Zoli Agency
- Industry: Modeling agency
- Founded: 1971
- Founder: Zoltan "Zoli" Rendessy
- Headquarters: New York City, U.S.

= Zoli Agency =

Modeling agency based in New York City

The Zoli Agency was a modeling agency based in New York City, particularly notable in the 1970s and 1980s. In 1981, the documentary filmmaker Frederick Wiseman released the film Model, which was filmed in part at the Zoli Agency. It was screened on PBS.

==History==

The agency was established by a Budapest-born Hungarian designer named Zoltan "Zoli" Rendessy in 1971, as Zoli Management Inc. It was originally more geared towards male models, and was known as one of the elite male modeling agencies in the 1970s. The agency quickly made a name for itself as specializing in "fresh new faces, especially the freaky, funky, far-out varieties," as an article in People magazine put it.

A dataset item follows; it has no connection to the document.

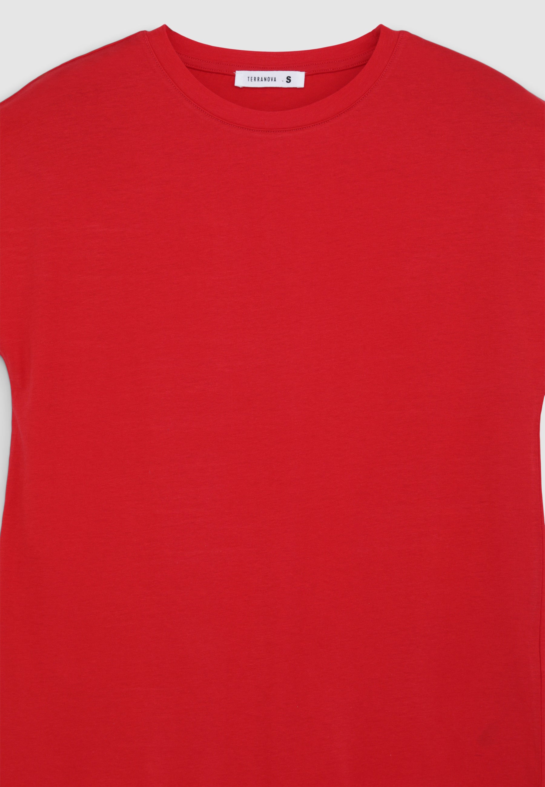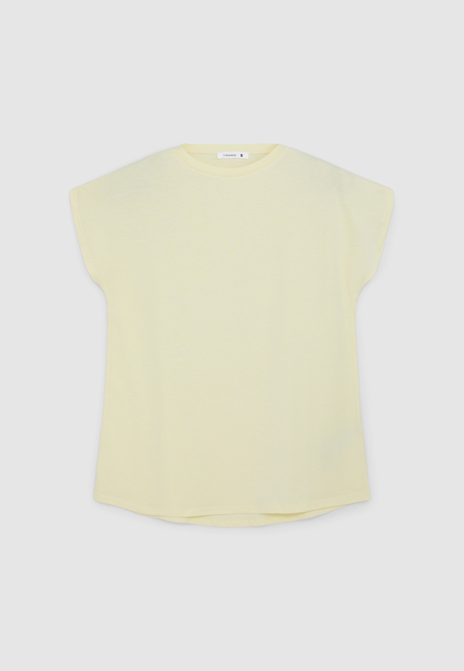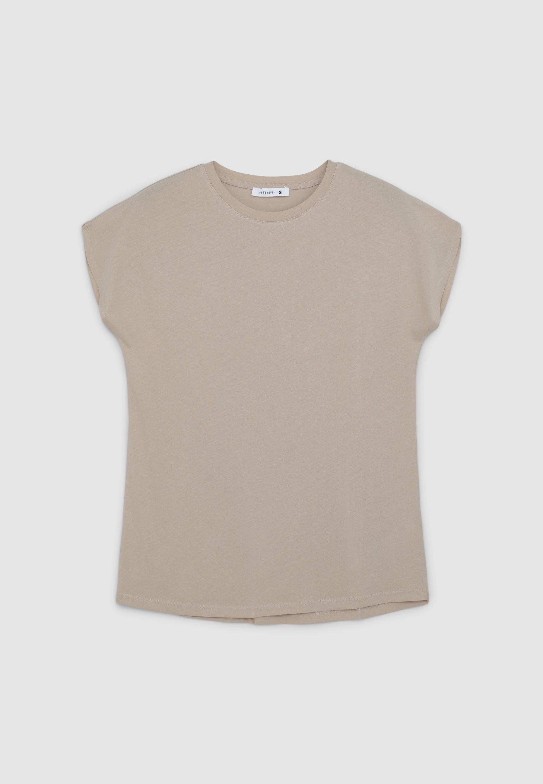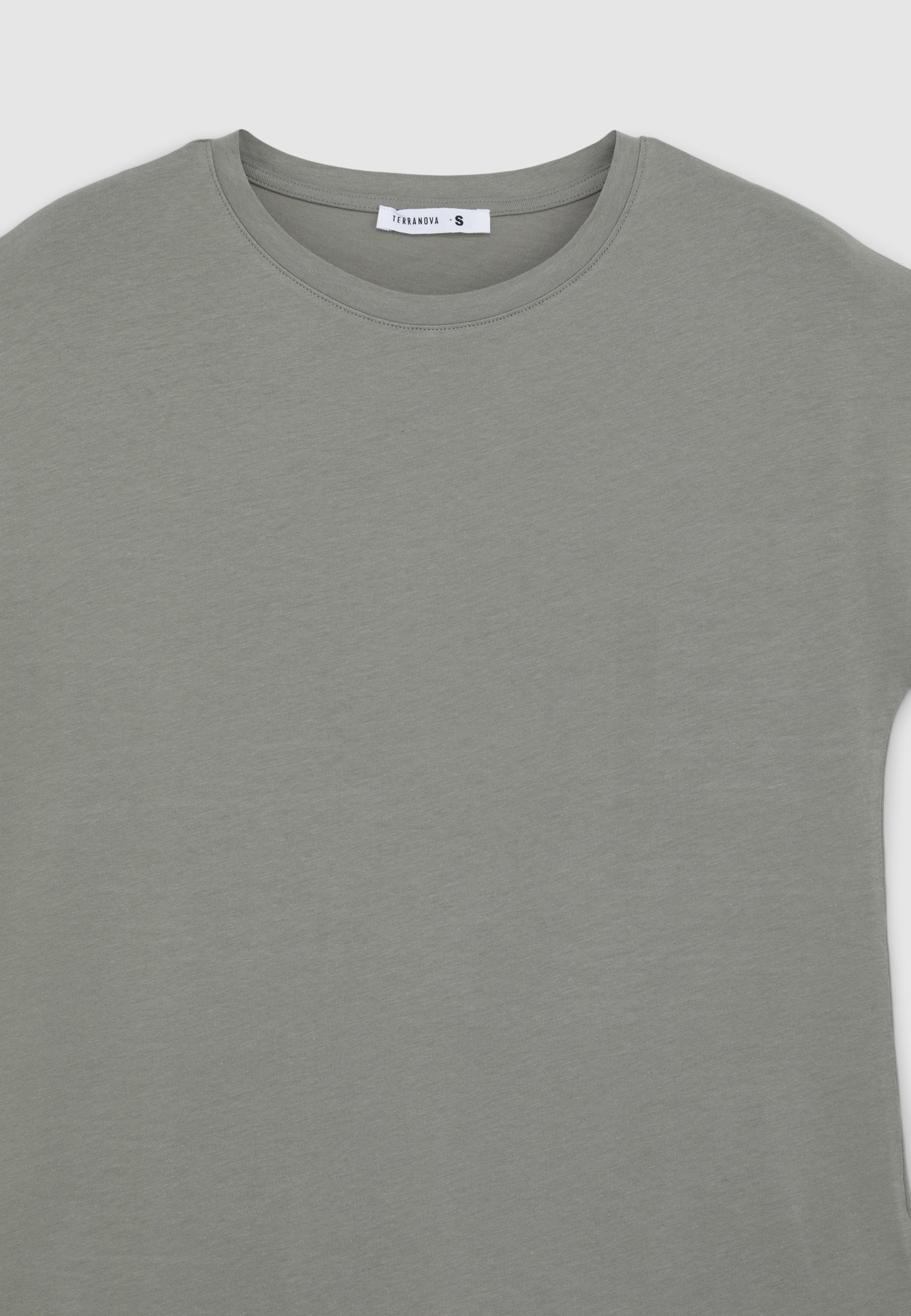 - Wide women's t-shirt with a straight cut and short sleeves.

The agency had a considerable number of celebrities on their books, including Jay Johnson, Veruschka (signed 1975), Geena Davis (signed 1979), Andy Warhol (signed in 1981), Louise Robey, Vanity, and Dolph Lundgren (signed 1983), although his modeling for the company was short-lived as he was described as "a bit too tall and muscular for a model's size 40".

In 1982, Rendessy died of lymphoma, having willed the agency to a group of senior employees, including Barbara Lantz, Victoria Pribble, who were majority shareholders, and Tom Laspina. In 1983, Laspina sued Lantz and Pribble over share of ownership and left the company. Later that year the agency opened an office in Hollywood to represent their clients in the movie industry. This effort was not successful and was ended in 1985.

In 1989, the modeling agency expanded to Miami Beach for the launch of Zoli South.

Zoli Management Inc. was dissolved on December 31, 2001.